» TASK DESCRIPTION
Retype, please, the listing from its opening line through the line that contains "- French Country", both included, without the pictures.

» COLLECTED DATA
┄┄┄┄┄┄

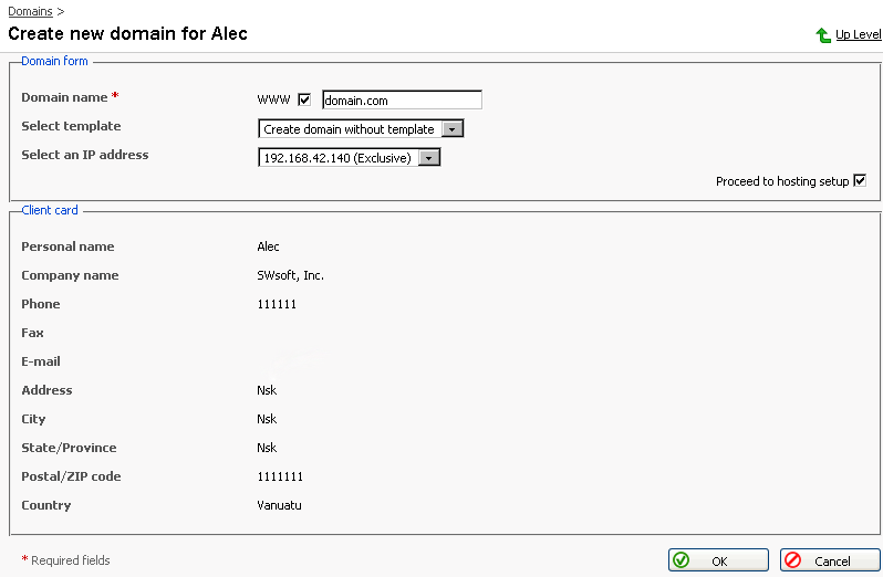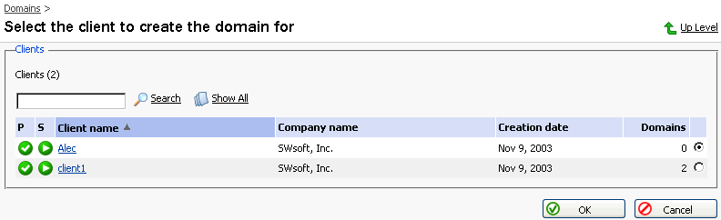 ラジオボタンを使用して、ドメインを作成するクライアントを選択して、[OK]をクリックしてください。ドメイン作成ページが開きます:
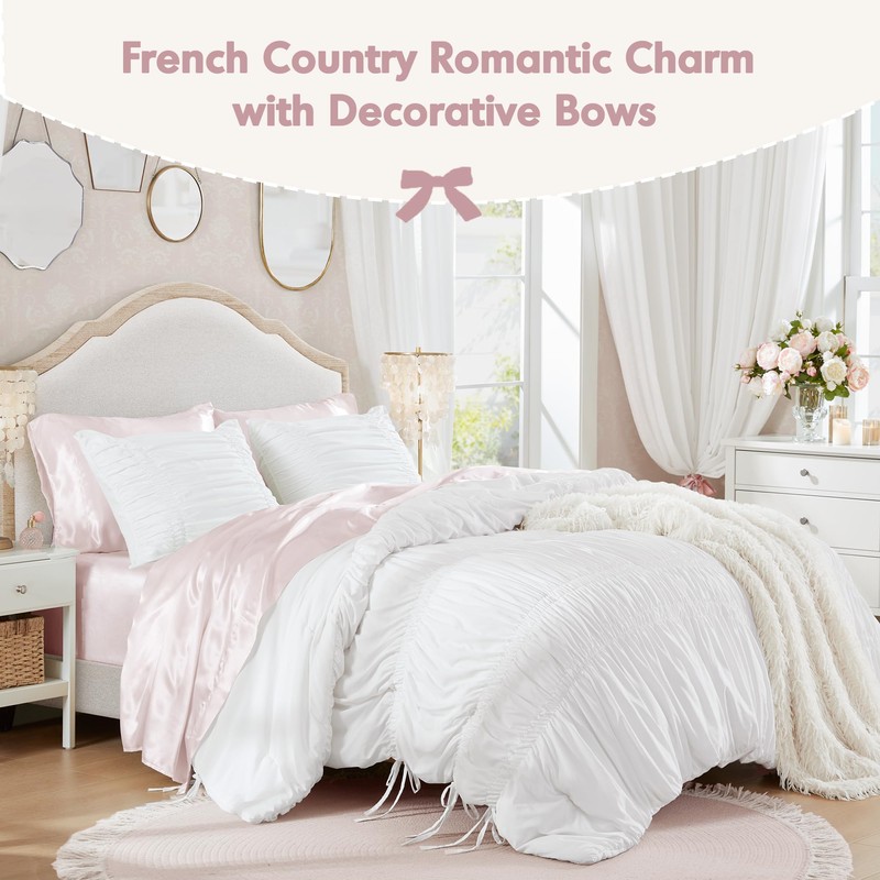 - French Country Comforter - Turn your bedroom into a romantic French country retreat with this enchanting comforter set. The cozy ruched design, adorned with pretty bow ties, adds a touch of shabby chic charm, creating a dreamy and cozy update
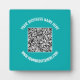 Custom Font and Colours - Design Your Own Personalized Plaques with QR Code Scan Info and Name Website or Custom Text Professional Design Business Promotional or Modern Personal Desk Accessories / Desk Signs Gift - Add Your QR Code - Image - Photo or Logo / Name - Company / Website or E-mail or Phone - Contact Information / Address / More - Resize and Move or Remove / Add Elements - Image / Text with Customization Tool. Choose / Add Your Favourite Background and Text Colours / Fonts / Size ! Please see my others projects / designs. You can also transfer this designs to more than 1000 Zazzle products. Please use your logo / QR code - image that does not infringe anyone's Copyright ! Good Luck - Be Happy :) by MIGNED

┄┄┄┄┄┄

» EXERCISE OUTPUT
 ラジオボタンを使用して、ドメインを作成するクライアントを選択して、[OK]をクリックしてください。ドメイン作成ページが開きます:
 - French Country Comforter - Turn your bedroom into a romantic French country retreat with this enchanting comforter set. The cozy ruched design, adorned with pretty bow ties, adds a touch of shabby chic charm, creating a dreamy and cozy update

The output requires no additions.